I can't understand why a person will take a year or two to write a
novel when he can easily buy one for a few dollars.
		-- Fred Allen
From: Tom Tucker
Date: Monday, August 25, 2008 - 9:04 am

I don't think it should matter how long the connection stays in FIN WAIT,
the client should reconnect anyway.

Since the client seems to be the variable, I would think it might be an
issue with the client reconnect logic?

That said, 2.6.25 is when the server side transport switch logic went in.


--

From: Trond Myklebust
Date: Monday, August 25, 2008 - 9:54 am

Which would break the replay cache, since we can't reconnect using the

No.

Trond

--

From: Tom Tucker
Date: Monday, August 25, 2008 - 1:15 pm

Yeah, you're right. I got confused about which host was stuck in FIN_WAIT2.
It's the client as you pointed out earlier.

Thanks,

--

From: J. Bruce Fields
Date: Tuesday, August 26, 2008 - 12:27 pm

Any chance you could help Trond figure out why the server might be doing
this?

If not, I'll get to it, but not as soon as I should.

--b.
--

From: Tom Tucker
Date: Wednesday, August 27, 2008 - 7:43 am

Sure. I've actually tried to reproduce it here unsuccessfully.
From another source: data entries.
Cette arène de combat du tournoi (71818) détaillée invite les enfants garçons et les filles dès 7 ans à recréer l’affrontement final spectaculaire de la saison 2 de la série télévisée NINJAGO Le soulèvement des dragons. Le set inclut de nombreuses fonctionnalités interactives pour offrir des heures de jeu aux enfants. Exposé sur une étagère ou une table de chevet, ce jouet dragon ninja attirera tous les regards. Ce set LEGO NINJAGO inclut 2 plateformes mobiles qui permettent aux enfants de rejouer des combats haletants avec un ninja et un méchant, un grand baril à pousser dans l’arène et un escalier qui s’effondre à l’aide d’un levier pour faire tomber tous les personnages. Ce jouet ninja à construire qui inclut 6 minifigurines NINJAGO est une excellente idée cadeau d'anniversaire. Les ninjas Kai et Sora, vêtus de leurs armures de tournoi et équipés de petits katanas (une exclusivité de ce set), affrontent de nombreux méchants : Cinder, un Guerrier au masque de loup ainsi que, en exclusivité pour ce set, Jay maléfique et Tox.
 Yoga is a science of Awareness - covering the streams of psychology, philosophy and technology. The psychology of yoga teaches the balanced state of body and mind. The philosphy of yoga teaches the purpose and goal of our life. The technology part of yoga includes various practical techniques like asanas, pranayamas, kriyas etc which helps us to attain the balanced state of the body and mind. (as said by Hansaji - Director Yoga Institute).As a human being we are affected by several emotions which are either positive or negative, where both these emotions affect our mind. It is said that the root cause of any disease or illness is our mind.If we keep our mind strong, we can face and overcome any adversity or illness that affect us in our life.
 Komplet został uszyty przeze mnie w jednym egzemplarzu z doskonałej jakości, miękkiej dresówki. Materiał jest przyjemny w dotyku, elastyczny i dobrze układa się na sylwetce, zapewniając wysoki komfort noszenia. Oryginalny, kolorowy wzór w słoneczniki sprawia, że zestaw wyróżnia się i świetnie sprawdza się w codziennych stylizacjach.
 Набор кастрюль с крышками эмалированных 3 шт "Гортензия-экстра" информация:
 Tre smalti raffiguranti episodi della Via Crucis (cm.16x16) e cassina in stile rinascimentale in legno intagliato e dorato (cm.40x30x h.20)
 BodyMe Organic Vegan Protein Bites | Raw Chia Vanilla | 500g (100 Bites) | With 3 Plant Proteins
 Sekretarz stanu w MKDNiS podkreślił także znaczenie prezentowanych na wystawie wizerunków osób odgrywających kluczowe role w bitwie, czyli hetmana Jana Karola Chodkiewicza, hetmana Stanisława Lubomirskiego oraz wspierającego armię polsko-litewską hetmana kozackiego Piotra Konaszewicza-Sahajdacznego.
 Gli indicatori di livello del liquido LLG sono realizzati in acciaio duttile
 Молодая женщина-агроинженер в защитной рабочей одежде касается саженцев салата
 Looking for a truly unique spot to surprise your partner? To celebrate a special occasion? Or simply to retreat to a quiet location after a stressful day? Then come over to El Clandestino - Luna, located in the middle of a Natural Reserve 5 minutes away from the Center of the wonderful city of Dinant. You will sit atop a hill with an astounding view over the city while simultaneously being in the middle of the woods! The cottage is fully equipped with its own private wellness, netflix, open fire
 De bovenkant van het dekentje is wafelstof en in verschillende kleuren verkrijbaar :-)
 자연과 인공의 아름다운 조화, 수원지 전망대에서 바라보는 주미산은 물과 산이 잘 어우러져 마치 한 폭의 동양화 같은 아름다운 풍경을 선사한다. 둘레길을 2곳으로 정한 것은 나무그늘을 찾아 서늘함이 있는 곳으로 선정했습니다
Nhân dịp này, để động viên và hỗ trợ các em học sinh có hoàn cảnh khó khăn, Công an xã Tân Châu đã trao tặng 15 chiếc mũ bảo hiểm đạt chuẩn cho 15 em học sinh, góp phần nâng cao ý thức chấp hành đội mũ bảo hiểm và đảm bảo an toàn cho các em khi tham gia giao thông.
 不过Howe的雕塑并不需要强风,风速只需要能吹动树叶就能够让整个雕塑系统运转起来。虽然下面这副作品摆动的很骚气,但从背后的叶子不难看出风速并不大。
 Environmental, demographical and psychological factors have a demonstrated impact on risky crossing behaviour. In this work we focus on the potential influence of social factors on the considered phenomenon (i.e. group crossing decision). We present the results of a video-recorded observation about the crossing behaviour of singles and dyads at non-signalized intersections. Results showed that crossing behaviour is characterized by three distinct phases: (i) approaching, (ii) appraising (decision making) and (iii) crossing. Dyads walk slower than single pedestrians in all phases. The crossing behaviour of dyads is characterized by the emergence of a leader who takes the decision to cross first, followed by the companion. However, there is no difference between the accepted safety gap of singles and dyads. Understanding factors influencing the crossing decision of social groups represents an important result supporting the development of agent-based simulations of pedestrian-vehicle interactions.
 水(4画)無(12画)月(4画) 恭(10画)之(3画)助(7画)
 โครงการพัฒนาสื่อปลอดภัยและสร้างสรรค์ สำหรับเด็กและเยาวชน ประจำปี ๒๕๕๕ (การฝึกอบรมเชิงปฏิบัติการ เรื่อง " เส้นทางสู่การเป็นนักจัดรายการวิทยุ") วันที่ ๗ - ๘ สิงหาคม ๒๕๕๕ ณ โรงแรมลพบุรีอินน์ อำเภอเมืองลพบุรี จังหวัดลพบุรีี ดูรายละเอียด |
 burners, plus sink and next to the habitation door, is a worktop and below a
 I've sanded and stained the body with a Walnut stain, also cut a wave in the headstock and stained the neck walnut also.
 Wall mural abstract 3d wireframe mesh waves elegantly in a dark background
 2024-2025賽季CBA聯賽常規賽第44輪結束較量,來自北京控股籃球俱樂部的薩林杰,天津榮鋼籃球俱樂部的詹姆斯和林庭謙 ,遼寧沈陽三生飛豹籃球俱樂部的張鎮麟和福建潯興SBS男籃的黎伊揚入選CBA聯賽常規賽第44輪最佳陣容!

As a starter, I would suggest turning on transport debugging:

# echo 256 > /proc/sys/sunrpc/rpc_debug

Here are my thoughts on how it is supposed to work. Trond if this doesn't match
your understanding, please let me know.

For the case where the client closes the connection first
because it's timeout is shorter (5min vs. 6), the sequence of events should be:


client					server

close
sends FIN goes to FIN-WAIT-1
					receives FIN replies with ACK
					and goes to CLOSE-WAIT
receives ACK goes to FIN-WAIT-2
					calls tcp_state_change callback on socket
					svc_tcp_state_change sets XPT_CLOSE on
					the transport and enqueues transport for
					servicing by svc thread.

					thread gets dequeued, calls svc_recv
					svc_recv sees XPT_CLOSE and calls
					svc_xprt_destroy that closes the socket

					TCP sends FIN/ACK after close
receives FIN/ACK goes to TIME-WAIT

since state is TIME-WAIT and
reuse port is set, we can re-connect

There's a couple places we could be getting stuck:

- The state-change callback never gets called.
- The state-change callback gets called but svsk is null and it ignores the event
- svc_tcp_state_change enqueues the transport, but due to a race bug, the transport
   doesn't actually get queued and since there is no activity it never closes
- something else

The message log with RPCDBG_SVCXPRT (256) enabled as shown above would help figure
out where it's happening.

If Ian is willing to create the log (or already has one), I'm certainly willing to
look at it.


--

From: Ian Campbell
Date: Saturday, August 30, 2008 - 8:47 am

It produced only the following (is that what was expected?):

[146866.448112] -pid- proc flgs status -client- -prog- --rqstp- -timeout -r=
pcwait -action- ---ops--
[146866.448112] 30576 0001 00a0      0 f77a1600 100003 f7903340    15000 xp=
rt_pending fa0ba88e fa0c9df4
[146866.448112] 30577 0004 0080    -11 f77a1600 100003 f7903000        0 xp=
rt_sending fa0ba88e fa0c9df4

Ian.
--=20
Ian Campbell

Life is a concentration camp.  You're stuck here and there's no way
out and you can only rage impotently against your persecutors.
		-- Woody Allen
From: J. Bruce Fields
Date: Sunday, August 31, 2008 - 12:30 pm

It's normal to get something like that when you turn it on, yes (unless
someone else spots anything odd about that...) but what's really needed
is to turn this on and then reproduce the problem--it's the debugging
output that goes to the logs during the problem that'll be interesting.

--b.
--

From: Ian Campbell
Date: Sunday, August 31, 2008 - 12:44 pm

That's what I did. The first time I did the echo I just got the header
line, then I waited for the repro and since there had been no further
logging I ran the echo again and got the three lines above.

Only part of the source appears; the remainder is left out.